THE PROBLEM: When a record holds a picture, leave the picture out and copy everything else exactly.

GIVEN INFORMATION:
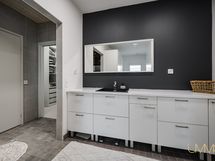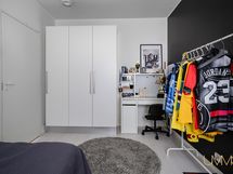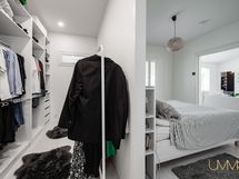 Päämakuuhuoneen yhteydessä oleva vaatehuone toimii käytännössä tilavana pukeutumishuoneena.
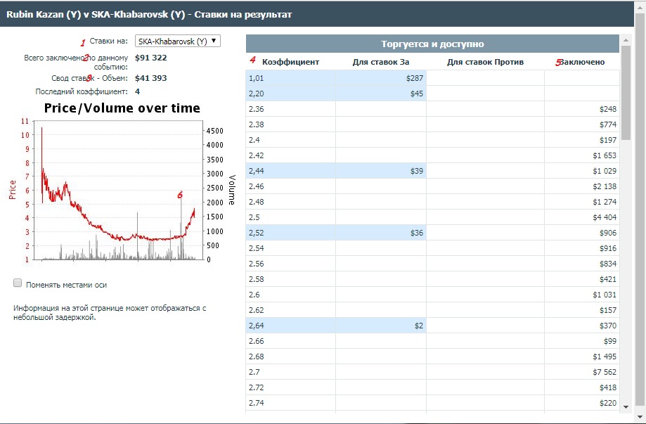 № 6 на графике видно суммы поставленных денег на выбранный исход.В данном примере видно ,что кто то поставил 2500 долларов на хабаровск.
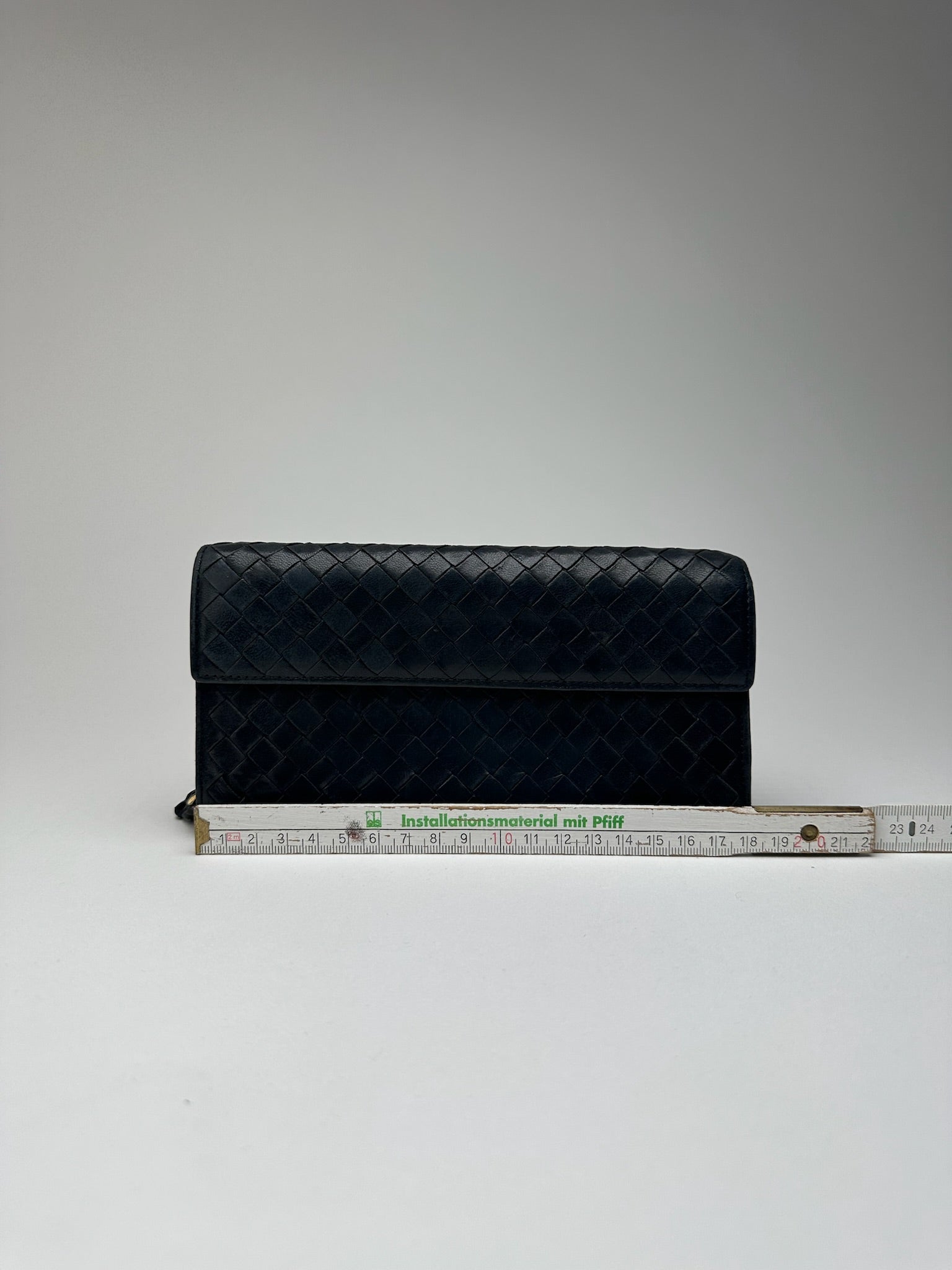 Vintage Bottega Veneta Intrecciato Leather Wallet Black
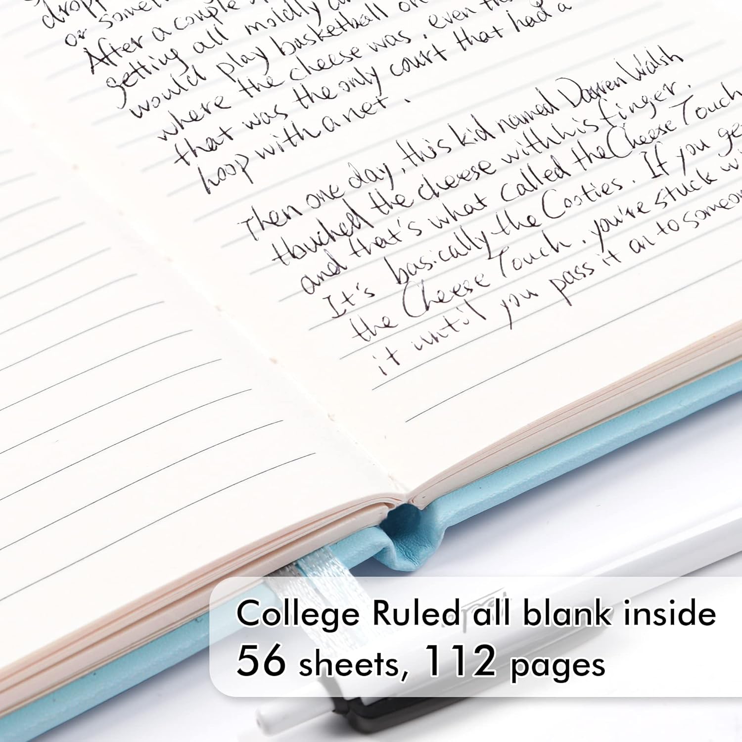 - These college ruled notebooks are all blank inside with 112 lined pages (56 sheets), which would be convenient for daily usage. The hard cover journal has a water-resistant faux leather cover, round corners and bookmarks, which is designed to lay and open flat. There’s a “date/page” column on the top of every page. You can use it as a reminder to let you remember those important dates and find the page you want in a very short time.
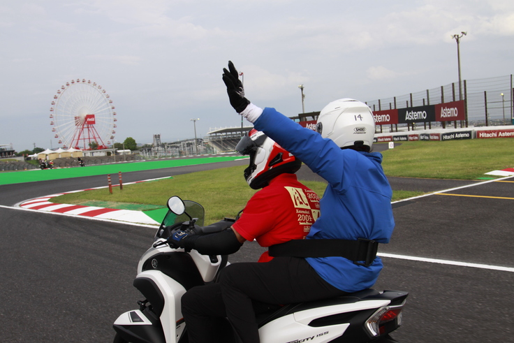 鈴鹿サーキットを2周しスタート地点へ戻ってきます。

EXPECTED OUTPUT:
 Päämakuuhuoneen yhteydessä oleva vaatehuone toimii käytännössä tilavana pukeutumishuoneena.
 № 6 на графике видно суммы поставленных денег на выбранный исход.В данном примере видно ,что кто то поставил 2500 долларов на хабаровск.
 Vintage Bottega Veneta Intrecciato Leather Wallet Black
 - These college ruled notebooks are all blank inside with 112 lined pages (56 sheets), which would be convenient for daily usage. The hard cover journal has a water-resistant faux leather cover, round corners and bookmarks, which is designed to lay and open flat. There’s a “date/page” column on the top of every page. You can use it as a reminder to let you remember those important dates and find the page you want in a very short time.
 鈴鹿サーキットを2周しスタート地点へ戻ってきます。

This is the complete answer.